Video: Identifying the Pair of Chemicals with Both Ionic and Covalent Bonds in a Set of Pairs of Chemicals

Which of the following have both ionic and covalent bonds? [A] NO and NO₂ [B] ¹⁴N and ¹⁵N [C] CH₃CO₂K and CH₃CO₂Na [D] CH₃CH₂OCH₃ and CH₃CH₂CH₂OH [E] S₂ and S₈

04:25

Video Transcript

Which of the following have both ionic and covalent bonds? A) NO and NO₂, B) ¹⁴N and ¹⁵N, C) CH₃CO₂K and CH₃CO₂Na, D) CH₃CH₂OCH₃ and CH₃CH₂CH₂OH, or E) S₂ and S₈.

Ionic bonding is an attraction that occurs between oppositely charged ions. Ionic bonding typically happens between a nonmetal and a metal. Sodium chloride or table salt is an example of a compound with ionic bonding. Sodium is a metal found in group one of the periodic table. And chlorine is a nonmetal found in group 17. When sodium and chlorine come together to form an ionic compound, chlorine is so much more electronegative than sodium is that it effectively steals one of sodium’s valence electrons. Resulting in a positively charged sodium cation and a negatively charged chlorine anion.

These ionic compounds typically arrange themselves in what’s called a lattice, which is a crystal featuring alternating negatively and positively charged ions. Where ionic bonding involved the transfer of a valence electron to form oppositely charged ions, covalent bonding is the sharing of electrons between two atoms. And it typically occurs between two nonmetals.

Hydrofluoric acid is an example of a molecule with a covalent bond. The bond is created because both of the atoms participating in the bond, that is, hydrogen and fluorine, each donate one of their electrons. These electrons are shared between the two atoms.

In this question, we’re looking for a compound that has both ionic and covalent bonding. So let’s take a look at our answer choices. Both of the molecules in answer choice A are made of nitrogen and oxygen, which are both nonmetals found in group 15 and group 16 of the periodic table, respectively. Since both of these molecules are made of nonmetals, we’d expect them to form covalent bonds, not ionic and covalent bonds. So answer choice A is not correct.

In answer choice B, we have two isotopes of nitrogen. Isotopes are simply atoms of the same element that have a different number of neutrons. Since both of these are just different atoms of nitrogen, there’s no bonding. And since there’s no bonding at all in this answer choice, this answer choice is not correct.
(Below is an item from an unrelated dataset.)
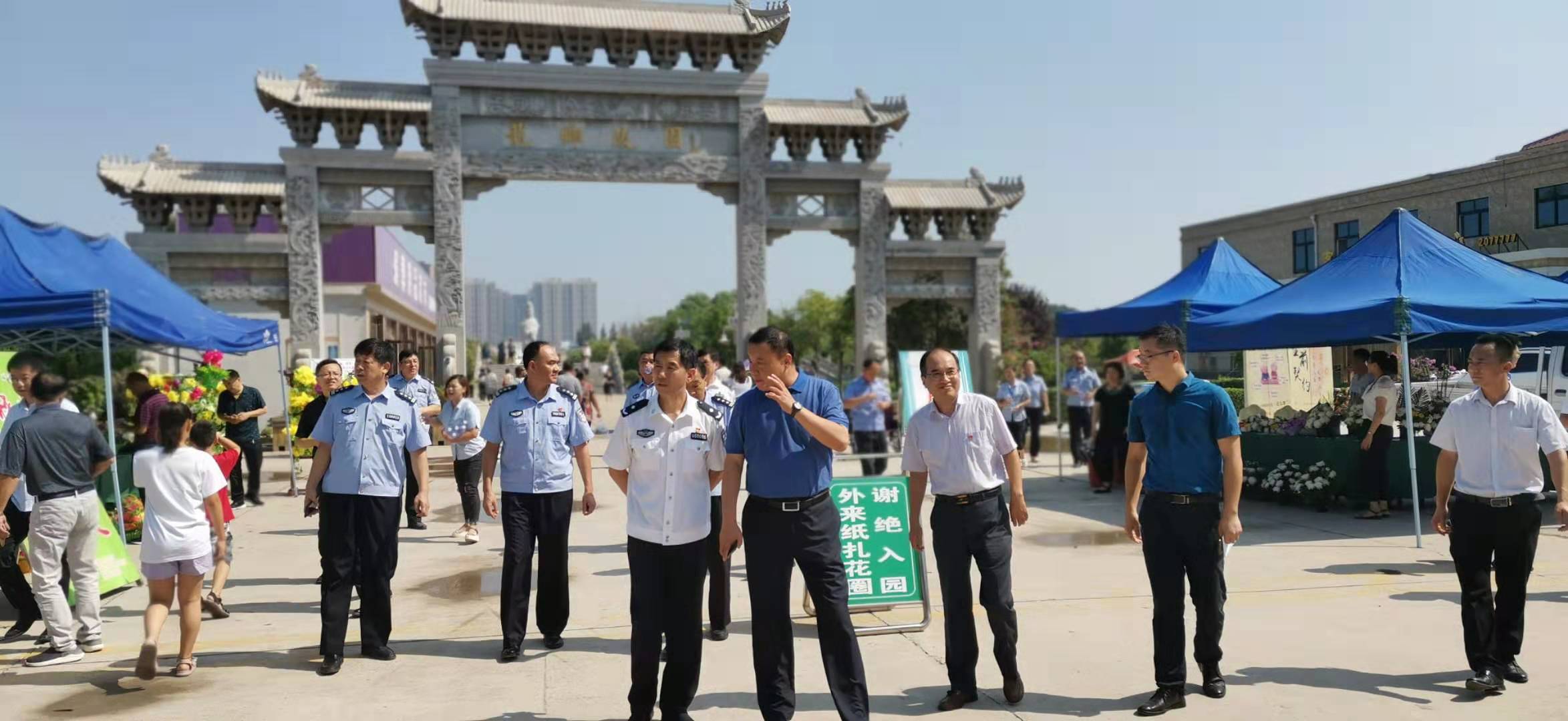 8月15日(农历7月15)上午,郭智深副市长带领潘甜甜 局局长冯勇、副局长孟社鸿,市治安支队支队长高峰、市公安局警令部主任冯发奎等有关同志到华龙区龙乡陵园调研中元节祭扫保障工作,实地查看、详细了解潘甜甜 部门和殡葬服务机构宣传引导、烧纸免费兑换鲜花、墓区祭祀祭扫等情况。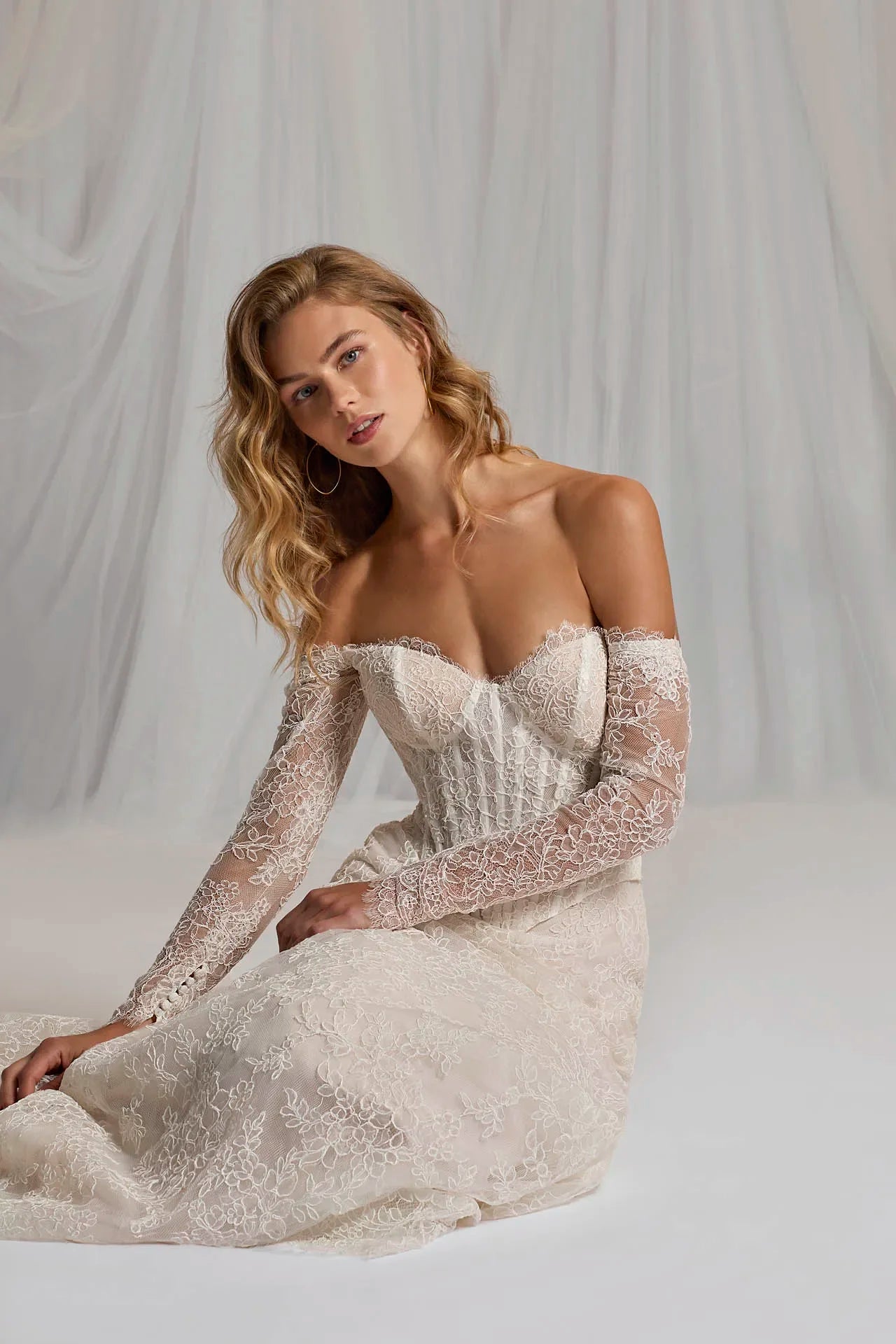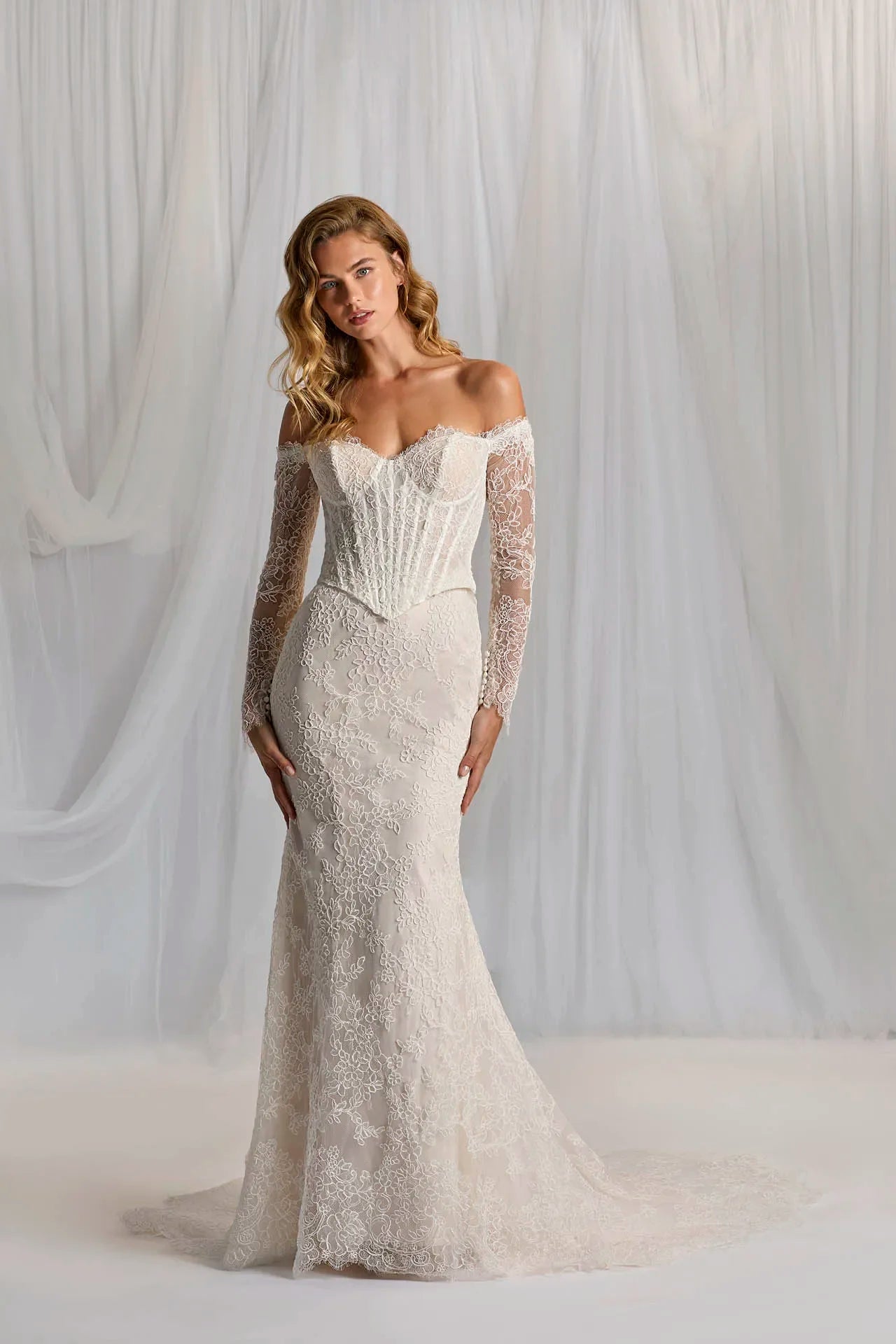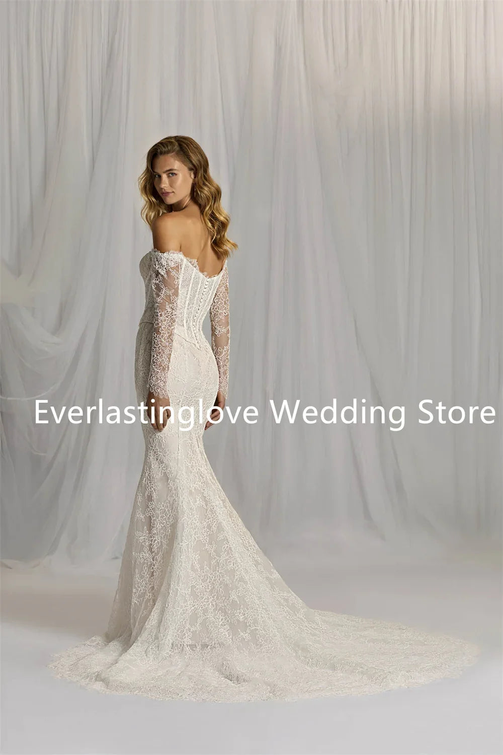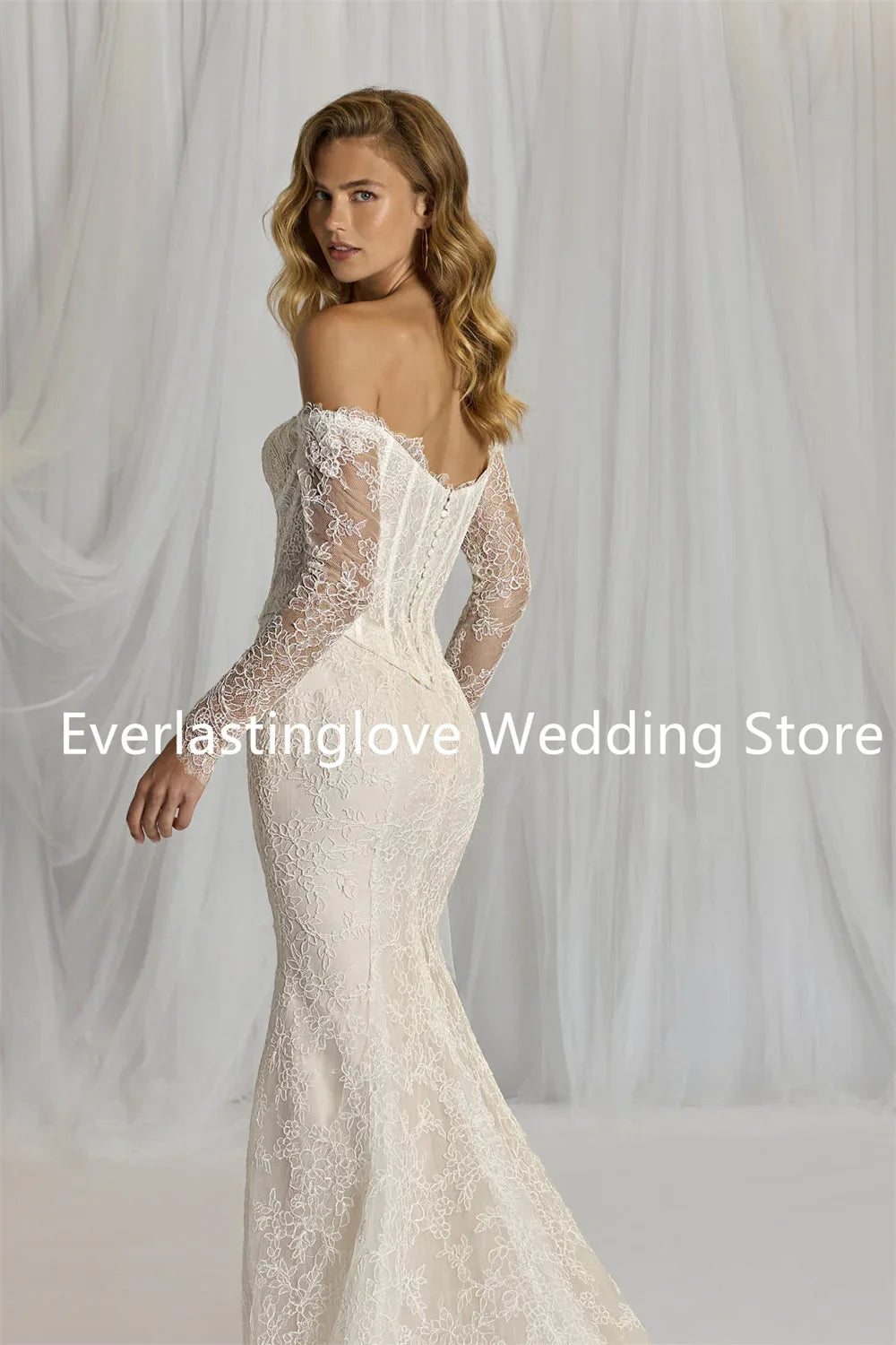 Elegant Off The Shoulder Long Sleeves Sweethat Full Lace Mermaid Wedding Dresses Custom Made 2026 Rode De Morrie

In answer choice C, we have two compounds that look pretty similar. The difference is one has a potassium, or K, and the other one has a sodium, or Na. As we know, potassium and sodium are both metals. And the other part of the compound contains carbon, hydrogen, and oxygen, which are all nonmetals. Since these compounds both have a metal and a nonmetal group to them, we’d expect that this compound would have ionic bonding. So it doesn’t have covalent bonding as well.

Without the metal attached to them, the remaining atoms in answer choice C form an ion called acetate. Acetate is made of all nonmetals: carbon, hydrogen, and oxygen. So based on what we know, we would expect acetate to have covalent bonds between the atoms in it. Since potassium acetate and sodium acetate have both ionic and covalent bonds, answer choice C is the correct answer.

And a quick inspection of the compounds in the other answer choices revealed that they are in fact made of all nonmetals. So we’d expect them to form covalent bonds only. So answer choice C, which is potassium acetate and sodium acetate, is the only one of our answer choices that has both ionic and covalent bonding.